Марк был слишком поглощен своим рассказом (который так долго репетировал), чтобы заметить смятение своей жены.
— Помнишь, мы с малышкой Вик ездили на Пасху на юг Франции, останавливались там в трактире «Les Oiseaux»
[91]? Вот когда это началось. Она просто к нам заявилась, помнишь? Я старался быть к ней внимательным. Мы все были к ней внимательны. Ты очень мило с ней себя вела. Очевидно, это была ошибка — моя, я имею в виду, — но я думал: в конце концов, она потеряла отца и, некоторым образом, мать. Сандрин к тому времени была уже в Канаде, заново устраивая свою жизнь. Софи туда ездила, и я не знаю, что там произошло. Ничего не получилось. Она не поладила с тем типом, что появился у Сандрин, школа была сущим бедствием, и она явно подсела на наркотики, на ЛСД, не знаю, на что именно. Ясно без слов, что мое общение с Сандрин как таковое не очень-то могло во всем этом помочь. Софи ни в чем нельзя было убедить. Никогда. Я старался быть с ней любезным, оказывать ей всяческую поддержку — честное слово, я думал, что если бы я не был с ней любезен, то она доставила бы нам даже еще большие неприятности. Говорю тебе, она помешана. Всю жизнь ее то забирают в разные заведения, то выпускают. — Марк кругами расхаживал по террасе.
Джин не могла не усомниться в том, что она не услышала бы о помещении Софи де Вильморен в психиатрическую лечебницу, как бы мало она ни знала. А ЛСД? Юная девушка, которую помнила Джин, совсем не походила на наркоманку.

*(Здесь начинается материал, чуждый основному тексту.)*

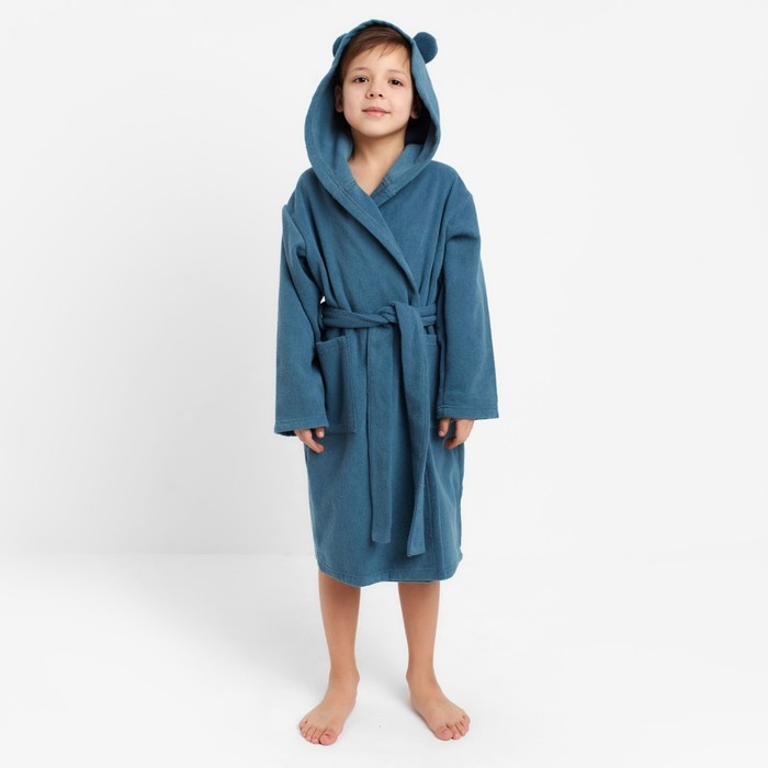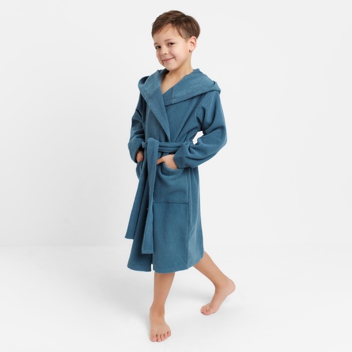 Халат махровый детский "Джентльмен" р. 32 (110-116 см), морская волна
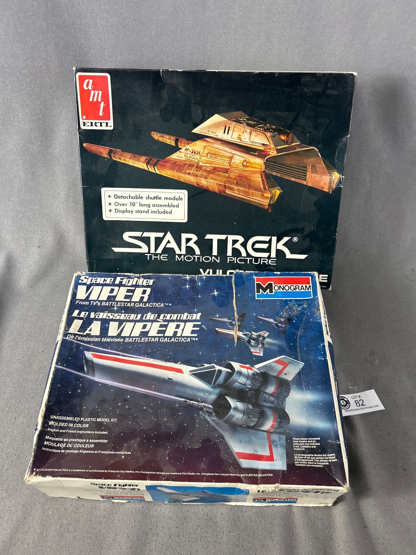 2 Vintage Modeling Kits - AMT Star Trek Vulcan Shuttle & Monogram Battle Star Galactica Space Battle Viper
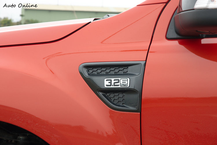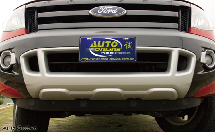 車頭部分大面積的黑色三橫條式Wildtrak水箱罩、保險桿與銀色的下護板就幾乎將視覺給佔滿。
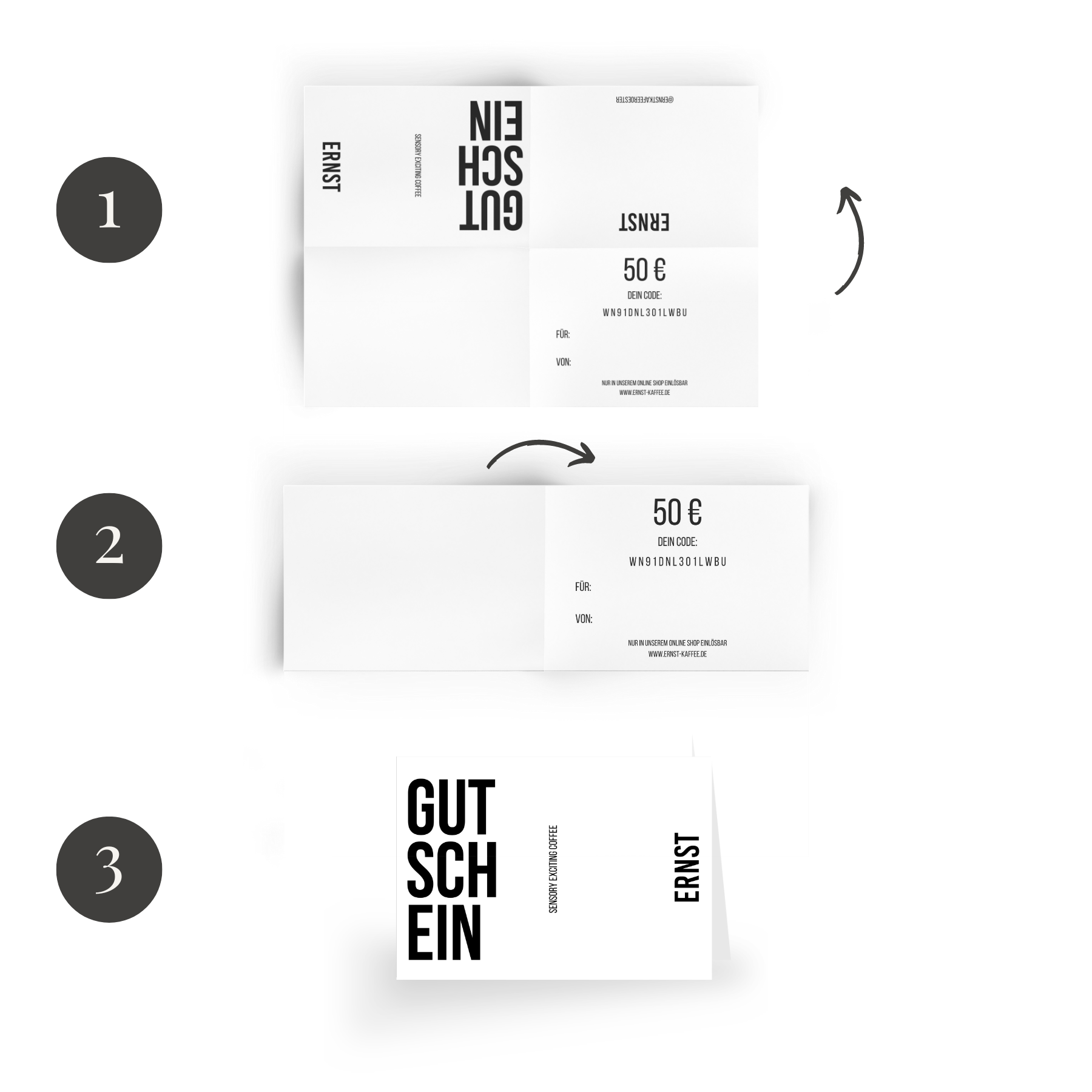 Der Gutschein wird dir per E-Mail geschickt und ist gültig für alle Produkte in unserem Onlineshop. Diesen kannst du dir dann selber ausdrucken und zusammenfalten. Die Anleitung findest du weiter unten.

Она была невинна — необычайно невинна, как всегда думала Джин, и мила; ее качества заблудившейся бродяжки тогда еще не достигли клинической степени. А нынешняя Софи? Вряд ли ее можно было бы назвать enfant terrible
[92]. Вдруг ее пронзила мысль о том, что он не говорит ей правды или же, по крайней мере, отвлекает ее от главного. Чувствуя, как заходящее солнце жжет ее кожу, она даже не шевельнулась, чтобы прикрыться.